Bu rüyalar, arkadaşlık ve aşk olayları derken tatilin yarısından fazlası bitmişti bile. 5 gün sonra döneceklerdi. Ve bu 5 gün içerisinde bir rüya daha görürse Alin çıldırabilirdi.

''Anne ben çıkıyorum, biraz yürüyeceğim.''

''Tamam kızım, sakın unutma bugün sınav puanları açıklanıyor. Hemen bir internet kafe bulmalısın."

"Tamam anne. 1'de açıklanacak ben 1e kadar internet kafede olurum, merak etme.''

Alin'in sınavının çok iyi geçtiği söylenemezdi. Sınav karneden sonraydı ve karne günü yaşadığı üzüntüden dolayı sınavına odaklanamamış, çalıştığı bütün yerleri unutmuştu. Ailesine iyi geçti demişti fakat sonuçtan hiç umutlu değildi. Şu anda kendini değil ailesini düşünüyordu. Çünkü babası onun gibi kaptan olmasını istiyordu ve ailesi de bunu destekliyordu. Kaptanlığın puanları çok yüksekti ve yüksek alması gerekiyordu. Bir kez daha girme hakkı tabii ki vardı fakat Alin bir sene daha dershane-test-ev 3'lüsünü çekemezdi.

Alin dalıp gitmişken Betül onu gördü ve selam verdi.

''Hey, Alin! Hoop, kızım nerelerdesin ya?''

Ve sürpriz insan Tugay'da yanındaydı... 

''Buradayım ya, dalmışım. Siz barıştınız mı?''

''Evet de, sen nereden öğrendin ben kimseye anlatmamıştım?'' dedi fısıldayarak.

'Rüyamda gördüm' diyemeyeceği için daha usturuplu bir şey uydurmalıydı.

''Geçen ben seni gördüm bayağı asıktı suratın,bende Tugay'la kavga ettiğinizi düşündüm. Sen beni göremezdin,çünkü ben çalılıkların arasındaydım.'' Alin gerçekten iyi bir yalancı olmuştu ve bu durumdan gitgide nefret etmeye başlamıştı.

''Haklısın,dün bayağı kötüydüm. Tugay'la acayip kavga ettik. Ama çok şükür şimdi barıştık. Ben onunla 1 saat daha birlikteyim, sonra seninle sonuçlara bakmaya gideriz o arada konuşuruz detayları tamam mı?''

''Tamamdır, hadi görüşürüz, görüşürüz Tugay...''

''Görüşürüz Alin.'' Yine o güzel gülümsemesi yerleşmişti yüzüne, hele o çukur çukur gamzeleri Alin'in aklını başından alıyordu. Neyse ki çabuk kendine geldi. Arkalarından baktığında Betül'ün Tugay'ın koluna girdiğini gördü. Gözyaşlarına hakim olmayı şu son 2 ay içerisinde çok iyi öğrenmişti, o yüzden dayanabildi.

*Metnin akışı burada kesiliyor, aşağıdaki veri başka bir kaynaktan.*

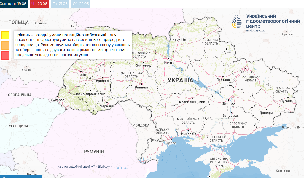 В деяких районах центральних, південних і східних регіонів – вдень град і шквали 15-20 м/с. Це відповідає першому рівню небезпеки.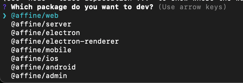 - Added '@affine/admin' to the list of selectable packages for development commands.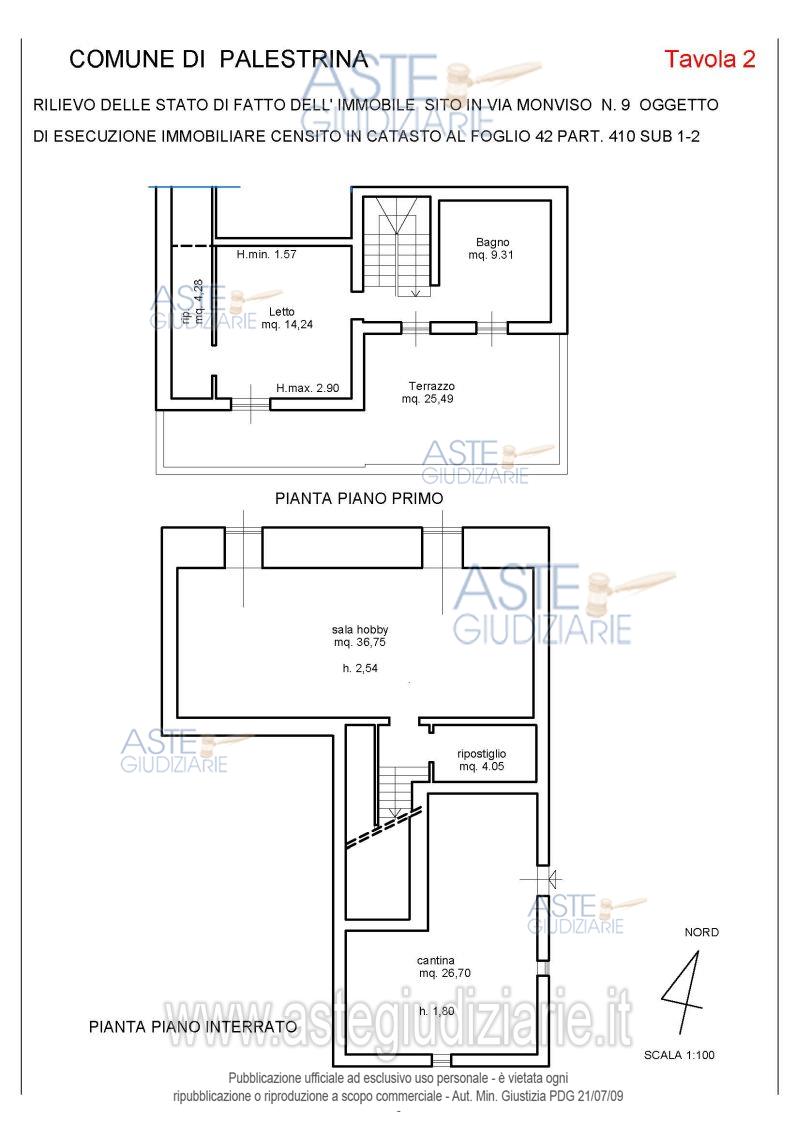 Vendita all'asta Senza incanto, con gara telematica asincrona - LOTTO 01: Quota pari a 1/1 del diritto di piena proprietà esclusiva sul seguente immobile sito in Palestrina (Roma), via Monviso n. 9, catastalmente ubicata su via 6 strada snc, e precisamente: Villetta identificata al Catasto Fabbricati Foglio 42, part. 410, Sub. 1, Categoria A/4, graffato con il sub 2, cl. 4, vani 5, sup. cat. 117 mq., R.C. euro 296,96, piano T-1-S1. Prezzo base € 72.000,00 (offerta minima € 54.000,00). Data inizio operazioni di vendita: 08/04/2026 ore 11:00. Giudice Dott. Marco Piovano. Professionista delegato alla vendita Avv. Diego Giugliano - Email "diego.giugliano@libero.it"; Tel. 0774335036. Custode Giudiziario Ivg Di Roma Srl - Email "pvp@visiteivgroma.it"; Tel. 0689569801. Rif. Tribunale di Tivoli - Espropriazione immobiliare (cartabia) n. 479/2024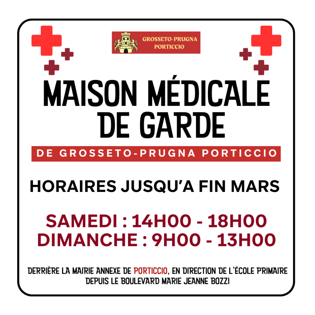 La commune de Grosseto-Prugna-Porticcio s’est dotée d’une Maison Médicale de Garde (MMG) afin de renforcer l’offre de soins de proximité sur le territoire et de répondre aux besoins de la population en dehors des horaires habituels des cabinets médicaux.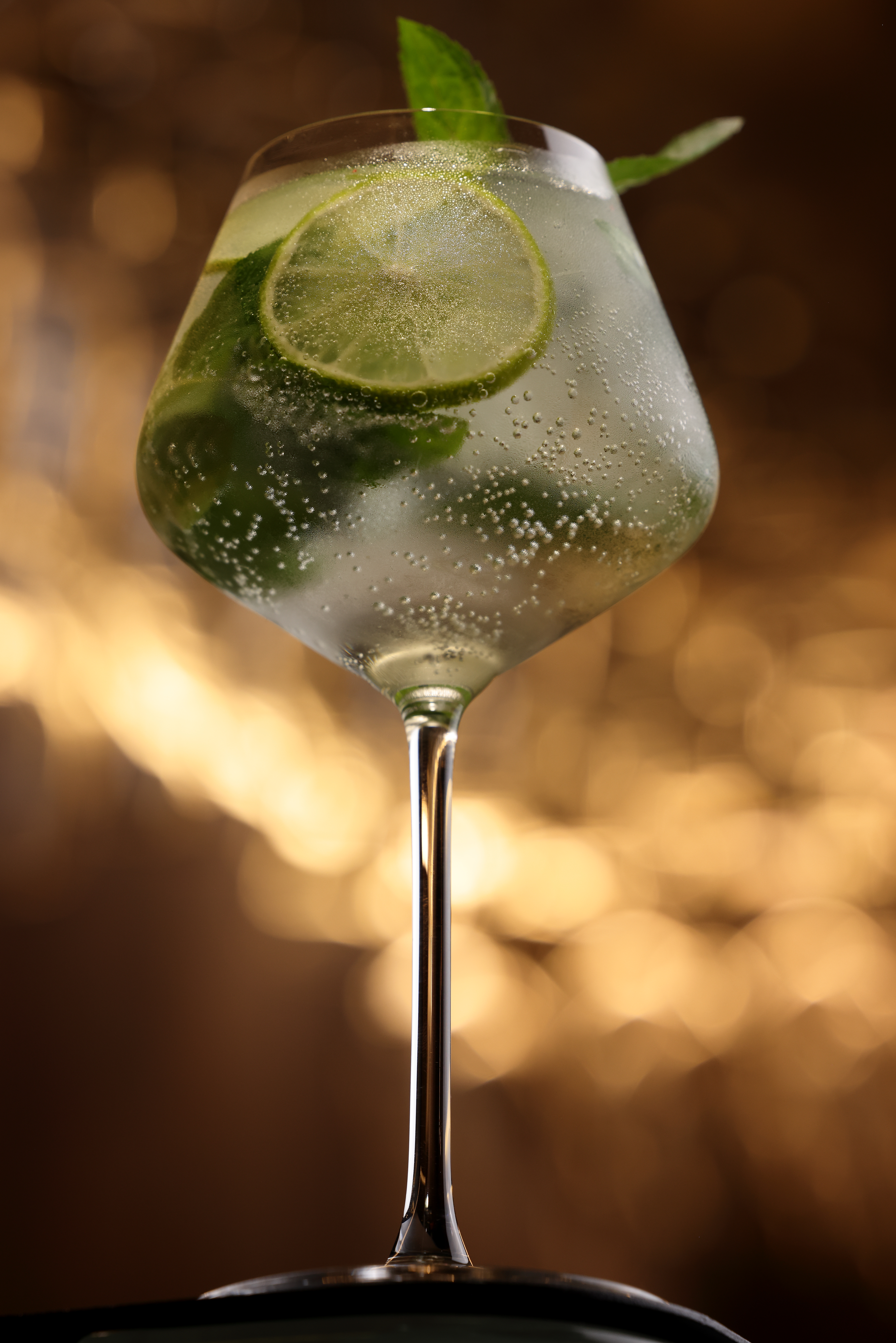 Vin spumant, sirop de flori de soc, mentă, lime.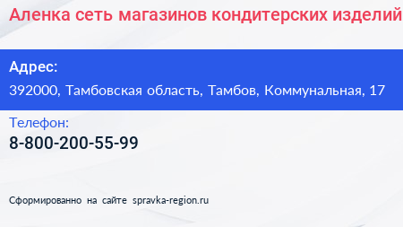 Аленка, сеть магазинов кондитерских изделий по адресу 392000, Тамбовская область, Тамбов, Коммунальная, 17 в дальнейшем Организация, размещена в следующих категориях: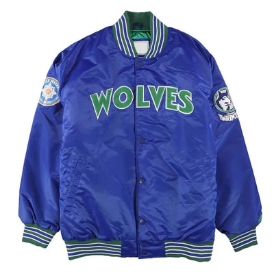 Minnesota Timberwolves All Star Weekend Full-Snap Varsity Blue Satin Men's Bomber Jacket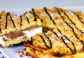 Разровнять и сверху натереть на тёрке второй кусочек теста.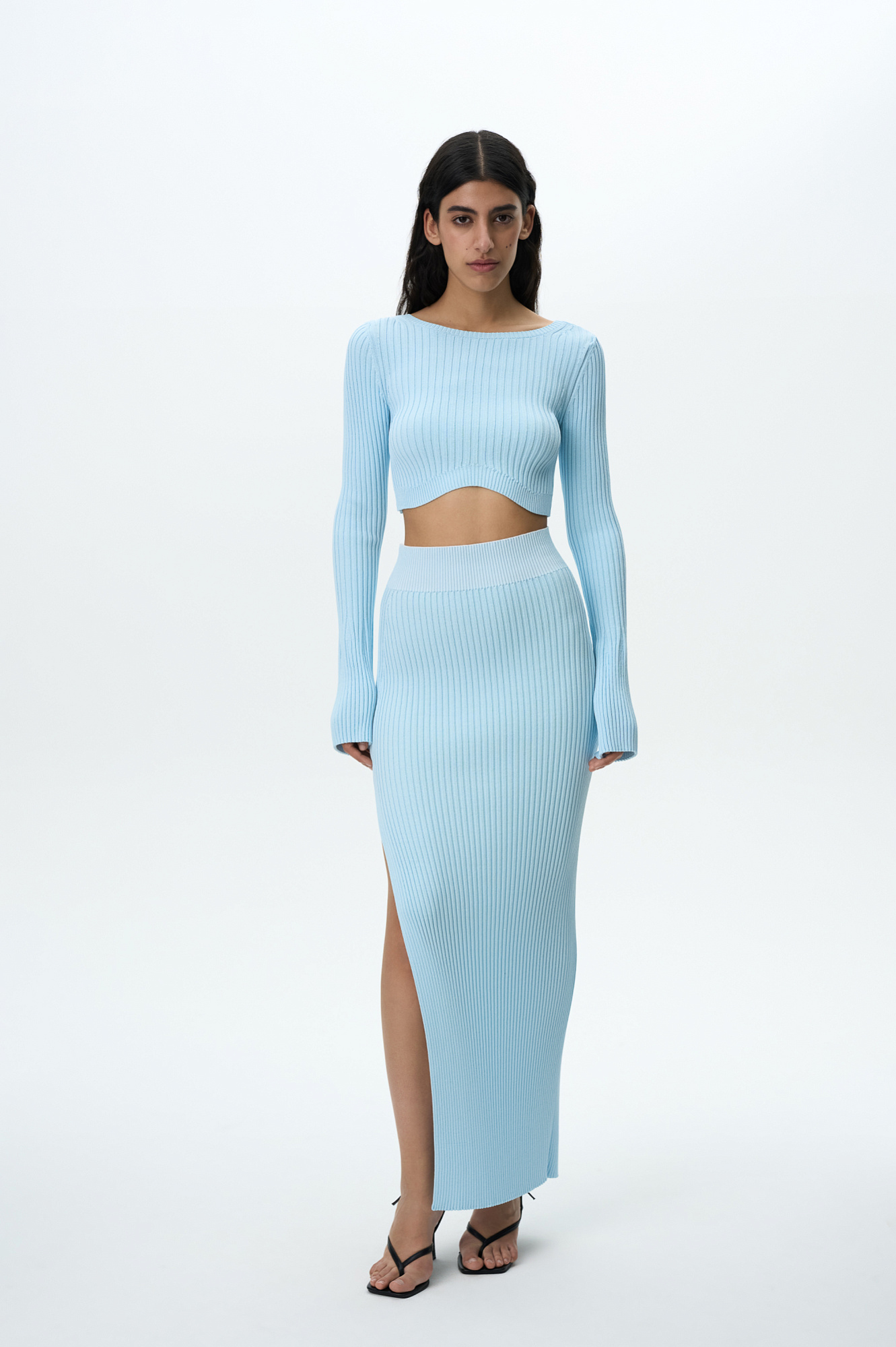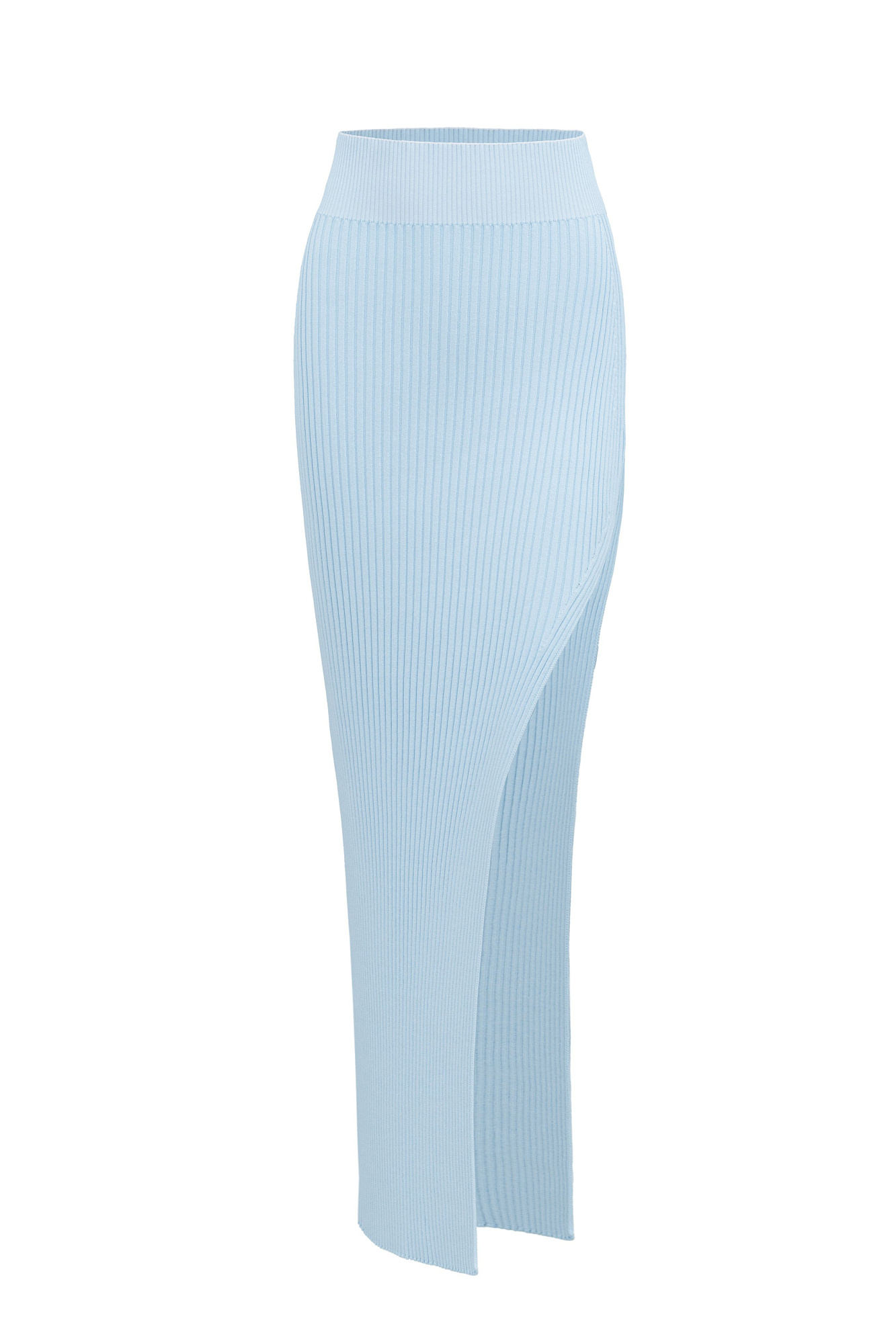 Трикотажная юбка длины макси с разрезом. Облегающий силуэт из вискозы с эластичным поясом в рубчик. Дополнить образ можно топом с открытой спиной из этой же коллекции.

1 saat sonra Alin ve Betül buluşup internet kafenin yolunu tuttular. O ara Alin'in telefonu çaldı.

''Kızım, internet kafede misin?''

''Betül'le gidiyoruz anne, öğrenince arayacağım ben seni.''

''Tamam canım.''

''Heh kapattın mı, hemen konuya giriyorum.'' dedi Betül ve rüyasının aynısını anlatmaya başladı. Alin artık alışmıştı ve 'Biliyorum ben bunları' dememek için kendini zor tutmuştu.

''Vay be, ciddi kavga etmişsiniz. Ee nasıl barıştınız peki?''

''Ya çok zor olmadı aslında. Çok yakınımızda ailesiyle birlikte bir ev tutmuş, evine gittim kapıyı çaldım. Önce ailesiyle tanıştım çok sevdiler beni, daha sonra ailesinden izin koparıp Tugay'ın odasına çıktım. Baktım bilgisayarda fotoğraflarımıza bakıyor, daldım içeri kafamda planladığım konuşmayı da yapmadan sarıldım, geçti bitti olay.'' Bunu anlatırken leyla olmuş bir şekilde gülümsüyordu.

Alin'in Tugay'ın yakınlarda bir yere taşındığını öğrenmesi iyi olmuştu.

''Sizin de her anınız bir romantizm vallahi.''

''Öyle kanka öyle, heh şu kafe değil mi?''

''Aynen girelim hadi.''

İçeri girdiklerinde hemen hemen onlarla yaşıt bir sürü genç sınav puanlarını öğrenmek için seferber olmuş gibiydi. Alin'in içini büyük bir endişe kaplamıştı bir anda.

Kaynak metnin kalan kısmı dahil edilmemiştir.